SUBSCRIPTION AGREEMENT November , 2006
November , 2006
This subscription agreement is by and between Silverstar Holdings, Ltd., a company organized under the laws of Bermuda (the “Company”), and ___________________ (the “Purchaser”).
WHEREAS, the Purchaser wishes to acquire shares of the Company’s common stock, par value $0.01 per share (the “Common Stock”), and the Company wishes to issue such shares to the Purchaser, on the terms and conditions set forth below.

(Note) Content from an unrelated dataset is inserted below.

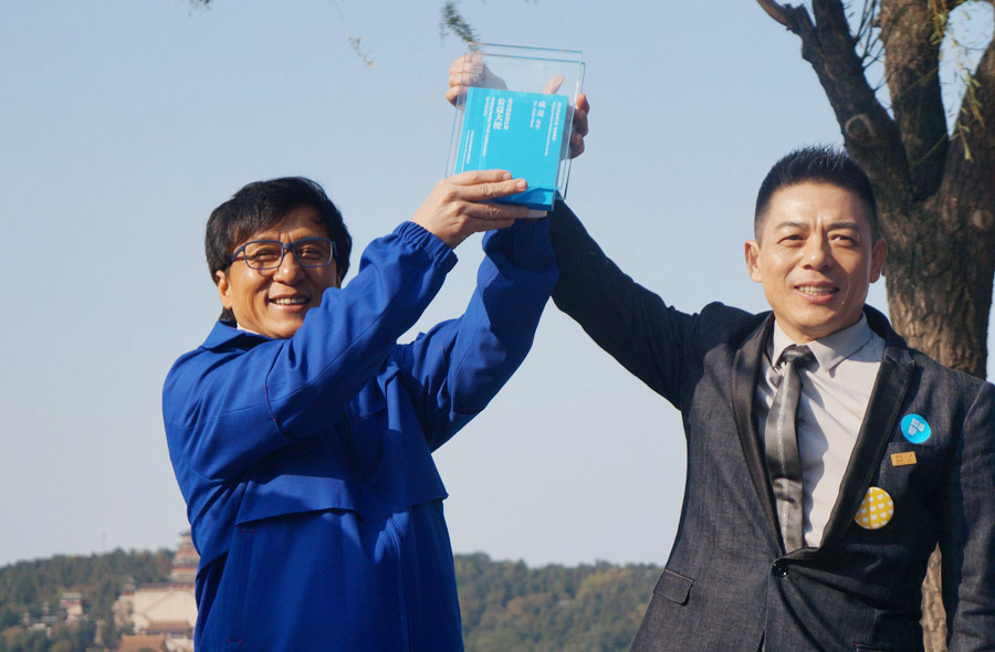 Jakie Chan accepts the appointment as “Ambassador of Public Service” for Beijing Design Week in a farewell ceremony held for Dutch artist Florentijn Hofman’s inflatable Rubber Duck in Beijing, Oct. 24, 2013. The 18-meter-tall yellow Rubber Duck is going to end its Beijing show in the Summer Palace on Oct. 27. (People’s Daily Online/Chen Lidan)

NOW, THEREFORE, in consideration of these premises and the respective covenants and agreements herein contained, the Company and the Purchaser agree as follows:
1. Subscription for Shares; Payment and Issuance. The Purchaser hereby subscribes to purchase _________shares (the “Shares”) of the Common Stock, and in consideration for the Shares the Purchaser is herewith paying to the Company the purchase price of $1.75 per share for an aggregate purchase price of $______, receipt of which the Company acknowledges. Promptly after the execution and delivery of this agreement, the Company will issue to the Purchaser a duly executed certificate or certificates evidencing the Shares.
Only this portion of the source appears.